藍曉甄瞪大眼,不明白沐雁陽怎麼會突然改變心意,「你……同意了?」
「當然,去妳的房間還是我的房間?」
「你都結婚了,去你的房間適合嗎?」她指了指他手指上的婚戒。
「可以,我沒跟妻子同房。」沐雁陽說完,還捏了捏藍曉甄的鼻尖,「壞女孩,明知道我結婚了還勾引我。」
「我……」
「怎麼,後悔了?沒進房之前後悔都還來得及,進房了我可不會放手。」
毅然決然的,藍曉甄點了頭,「今晚放開你,我才會後悔。」
當藍曉甄再次意識到自己的處境時,已經是她被沐雁陽帶進房裡的時候,她有些發顫,沐雁陽看著她的反應,笑了。
「怎麼?怕了?」
「才不是,是血糖太低,手在發抖。」藍曉甄一邊由她的包包裡拿出巧克力,一邊說:「吃點巧克力就沒事了,還有,等一下可不可以關燈?」說到關燈時,她聽見沐雁陽發出一聲輕笑,手一抖,巧克力掉了一地。

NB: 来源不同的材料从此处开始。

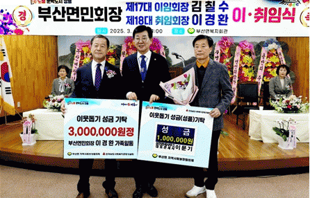 신임 이경환 면민회장은 취임사를 통해 “앞으로도 부산면의 빛나는 전통과 희망찬 미래를 위해 책임감을 가지고 열정을 다해 임하겠다”는 포부를 전했다.
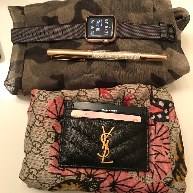 Accessories: I found a couple of wonderful scarves (Gucci, Banana Republic), a black card holder (Saint Laurent), a black Apple watch band (Casetify) and a gold sparkly pen (Swarovoski).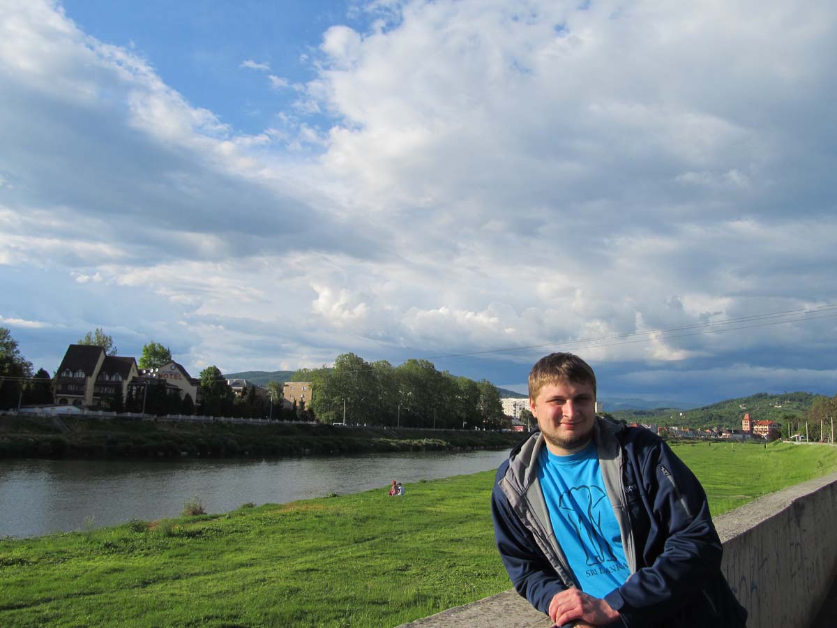 Незабаром ми дісталися замку і поспішили приєднатися до екскурсійної групи. Екскурсовод попався вдалий, чоловік дуже любив історію цього замку. Про сам замок хочу сказати, що досить цікаво по ньому поблукати було. А порівняно з Тустанню, то тут ще й замок фізично існує. Із замку ми поїхали до центру міста. Де був тривалий передих лежачи на лавці. Справа йшла до вечора, GPS показував, що недалеко від нас є величезний парк. Оскільки парки ми дуже любимо, то рішення було очевидним. Тут я й закохався у Мукачево. Краєвид був пречудовим — вздовж зеленого парку до гірського хребта тече широченна річка, оповита соковитою весняною зеленню.
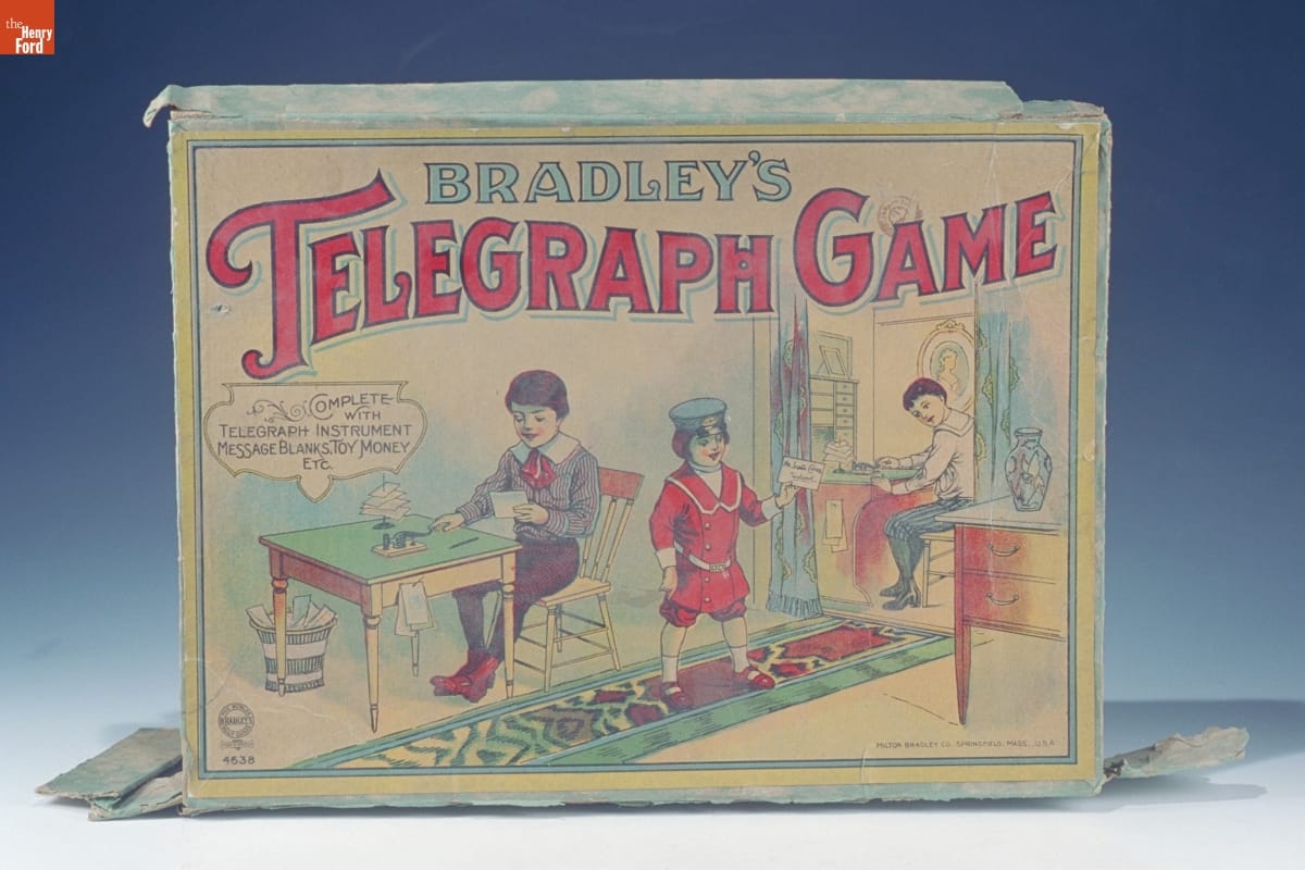 Children in the early 1900s could imagine they ran a telegraph office with this play set. This box once held a copy of the Morse code, blank telegrams, rubber stamps and two telegraph tickers to create the dots and dashes needed to send messages. This role-playing provided children with valuable learning experiences and helped them develop social skills.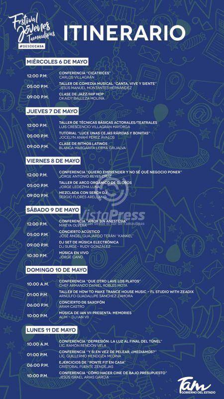 En esta versión virtual del festival, la programación se esta transmitiendo por Facebook Live directo de la página oficial de Jóvenes Tamaulipas.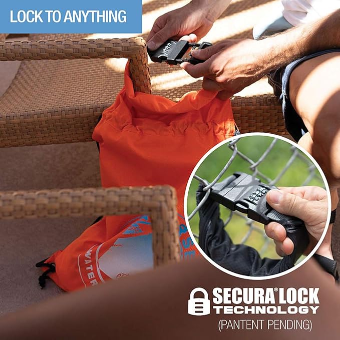 - KEEP YOUR VALUABLES SAFE: This drawstring bag is fashioned with Secura lock technology keeping your belongings safe with a 3-digit resettable combination. Protect valuables such as your phone, wallet, tablet, laptop, keys, and much more.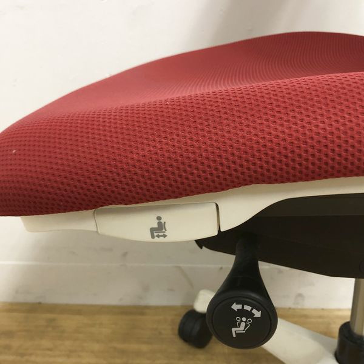 - 座面右下のダイヤル操作で、リクライニングの強弱調整が行えます。これまでのダイヤル式よりも、少ない回転数で、最弱?最強の調整が可能です。

「關燈?妳不怕黑嗎?」沐雁陽彎身為她撿起,然後將她的小包包及巧克力放到了床頭櫃上。
「不怕,黑暗反而給我安全感,因為沒人能看得見我。」
沐雁陽拿起了其中一塊巧克力拆開,坐到了她的身邊,將巧克力送入口中後吻上了她,與她分享著口中的味道。
巧克力是甜的,他的吻是醉人的,藍曉甄很快就跌入了情慾的深淵不能自拔,她可以感覺到沐雁陽令人動情的愛撫,並在愛撫的過程中一件件地褪去他們兩人的衣服,她沒有抗拒,乖順地接受他對她做的每一件事情。

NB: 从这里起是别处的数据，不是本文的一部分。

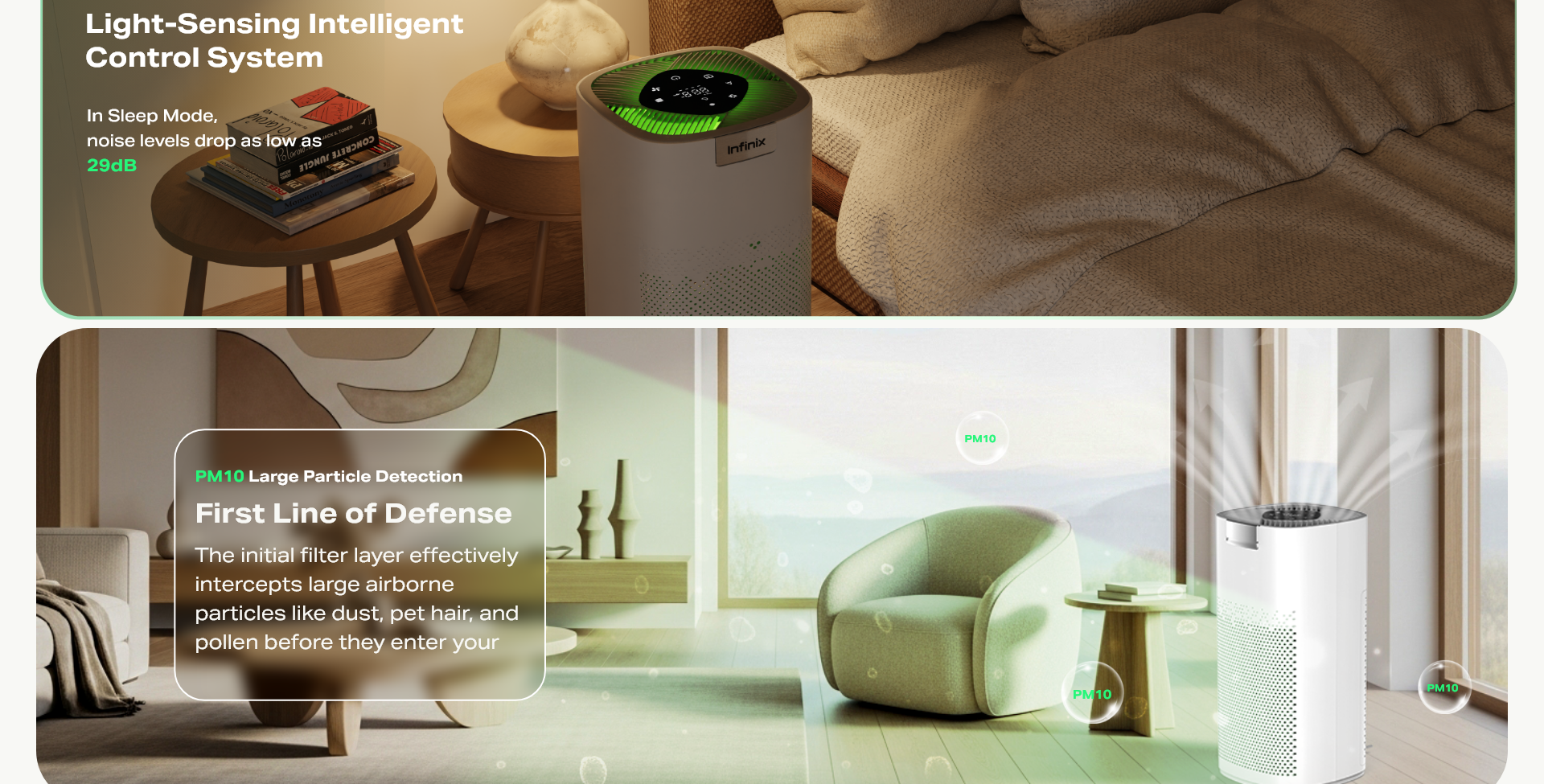 - Smart Sensors: Real-time PM2.5 monitoring that displays air quality through a clear digital interface.
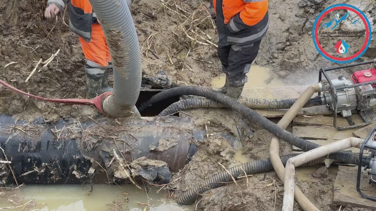 Информируем вас о том, что работы по устранению утечки на магистральном водоводе ведутся в круглосуточном режиме. Для обеспечения доступа к месту аварии был выкачан значительный объём воды.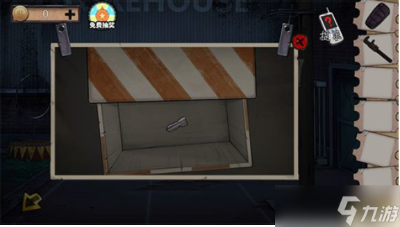 我们找到橙白相间的箱子,用锯子锯开,里面有一半钥匙。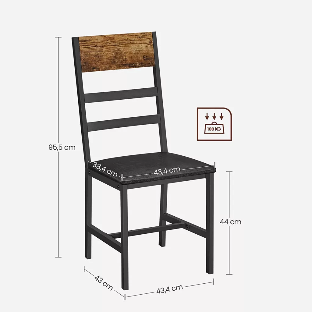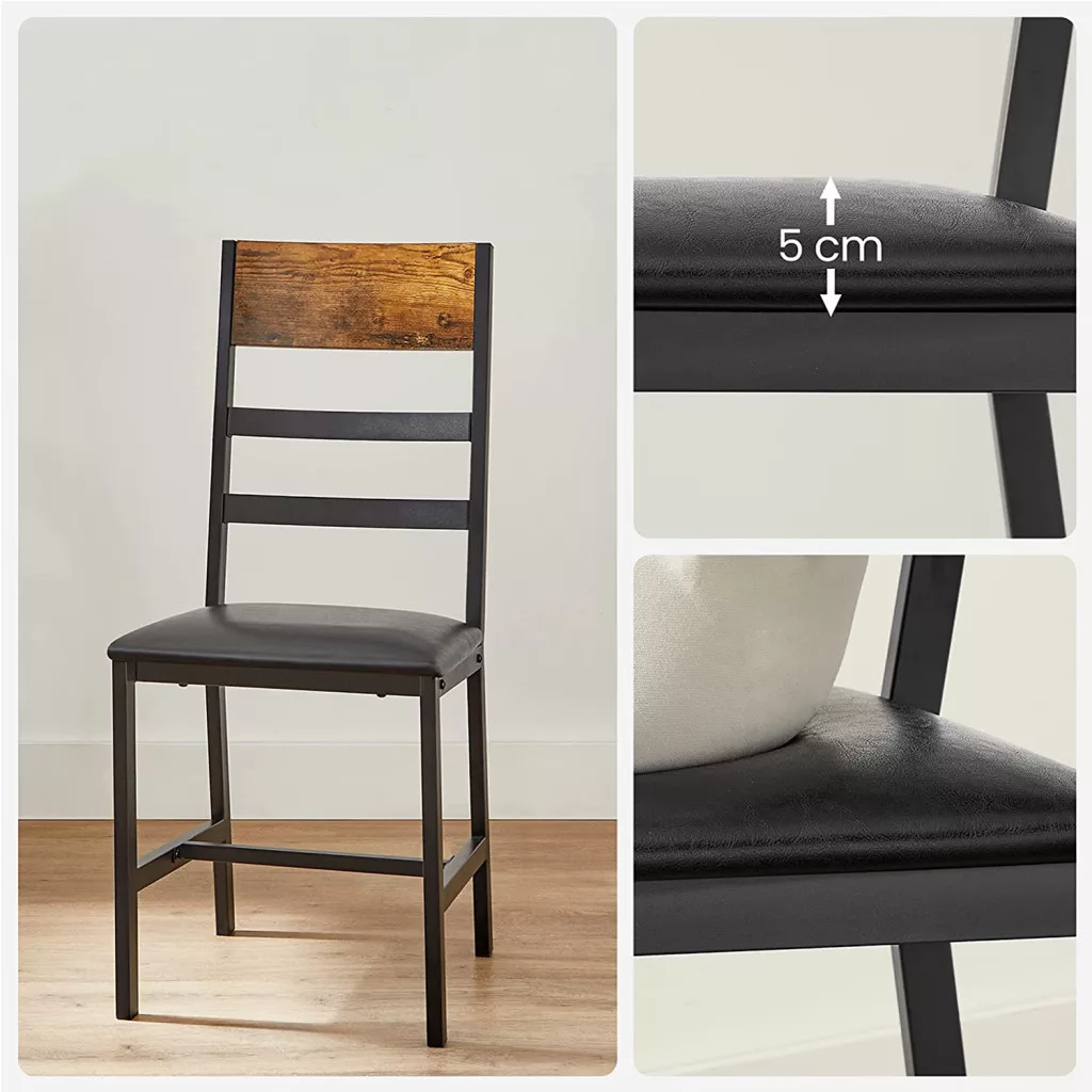 A VASAGLE étkező szék szett ötvözi a klasszikus vintage dizájnt a modern kényelemmel. A rusztikus barna háttámla és a fekete fém váz időtlen eleganciát kölcsönöz, míg az 5 cm vastag párnázott ülőfelület hosszan tartó kényelmet biztosít.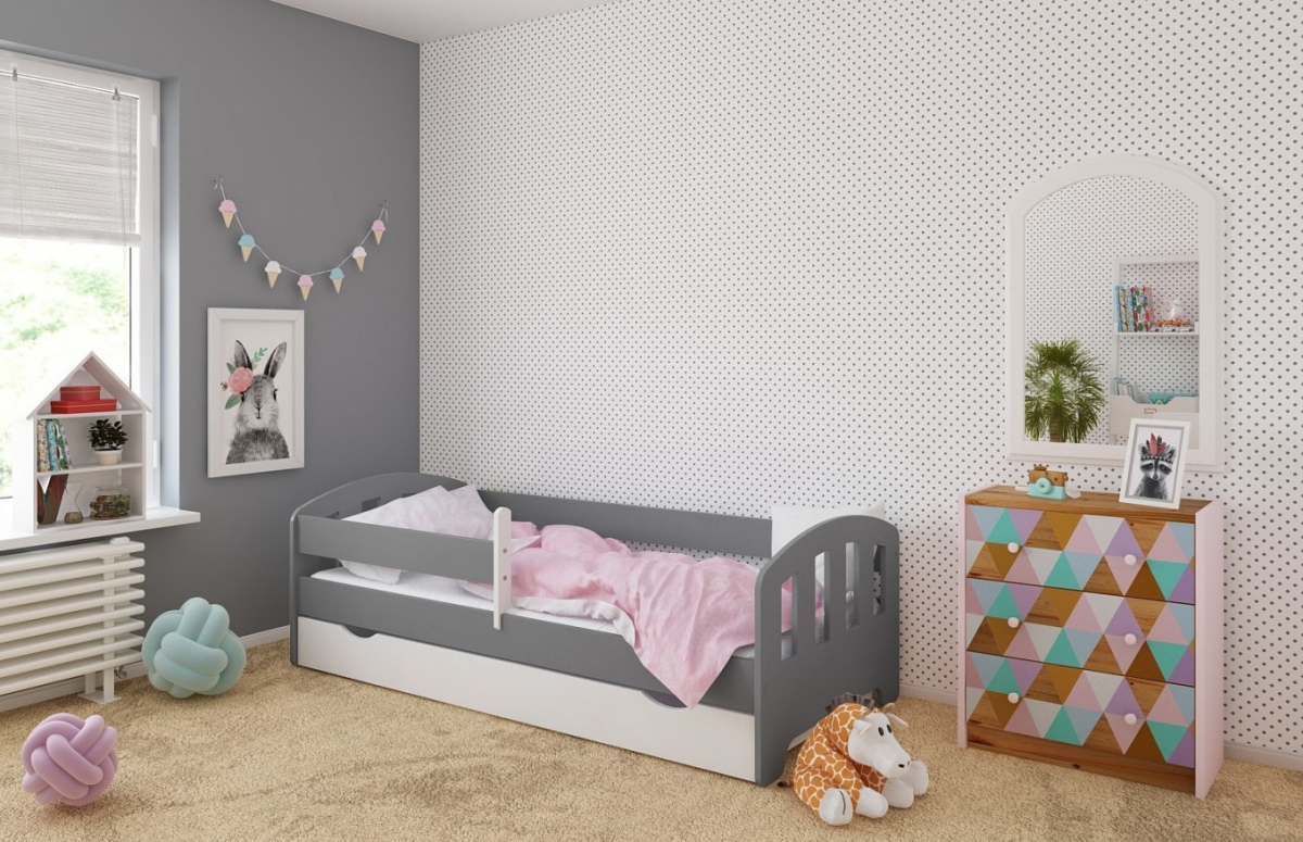 -Детская кровать в комплекте с съемными бортиками, которые обеспечат безопасный сон вашего ребенка. Бортики переставляются на любую сторону (длинный бортик по желанию может быть широким).

當沐雁陽進入了她的身體,感覺到身下的女人竟是完璧,愕然地問:「妳……為什麼?」
藍曉甄強忍著痛楚及不適,露出了淒迷的笑容,「學長,我高中時暗戀了你一年呢!這幾年我也沒有忘記過你,我不想嫁給連嶼熙,但我必須嫁,所以,當我在酒吧裡巧遇了你,我就想著,我要把自己的初夜給你。」
「妳明天要結婚的人是連嶼熙?」沐雁陽皺眉。而且她還叫他學長,看來那句好久不見不是搭訕用詞,他們是真的見過。
他知道連嶼熙和張麗媛曾經的關係,張麗媛竟帶他來參加前男友的婚禮,難怪他問說是誰要結婚時表現得神神祕祕,直說時候到了就會知道,因為不在意張麗媛的事,他也沒興趣再問。
「妳真傻,讓連嶼熙知道妳今晚做了什麼,妳曉得會有什麼結果嗎?」
藍曉甄搖了搖頭,「這一生,我已經沒有什麼可奢望了,所以會面臨什麼,我根本不在乎。」
「妳想離開他嗎?」如果她想,他會幫她。
藍曉甄沒有回答,只是抬起雙臂,攬住沐雁陽的頸項,輕抬起身子,吻著他眼角的淚痣,「這痣有種神祕感。」
「這是淚痣,聽說我欠了一個人眼淚債,才會有這樣的痣。」
「所以這世上有一個女人,不斷的為學長哭泣嗎?」
「我一直覺得,悲傷到極點的人是不會哭的,所以我並不信什麼眼淚債。」
「如果真是如此,學長肯定欠下眼淚債了。」她輕笑著說。
「喔?怎麼說?」
「淚水是一種洗濯,你都讓她悲傷得流不出眼淚了,無法洗去自己的不幸,那還不算是欠下眼淚債?」
「這麼說的話,我的確欠了一個女孩兩條命……」
不想聽他提起另一個女人,藍曉甄誘惑的曲起雙腿,挑逗地蹭著他,「學長,你不繼續嗎?我適應了。」
「壞女孩,妳不知道用『學長』稱呼我,有下課之後在廢棄倉庫偷情的快感嗎?」
「我哪會知道,我又沒有經驗,還是你有?」藍曉甄狐疑地看著他。
沐雁陽但笑不語,只是緩緩開始律動,現在不該說這些煞風景的事,等明天他再問她到底有什麼打算,如果她要離開,他一定幫她。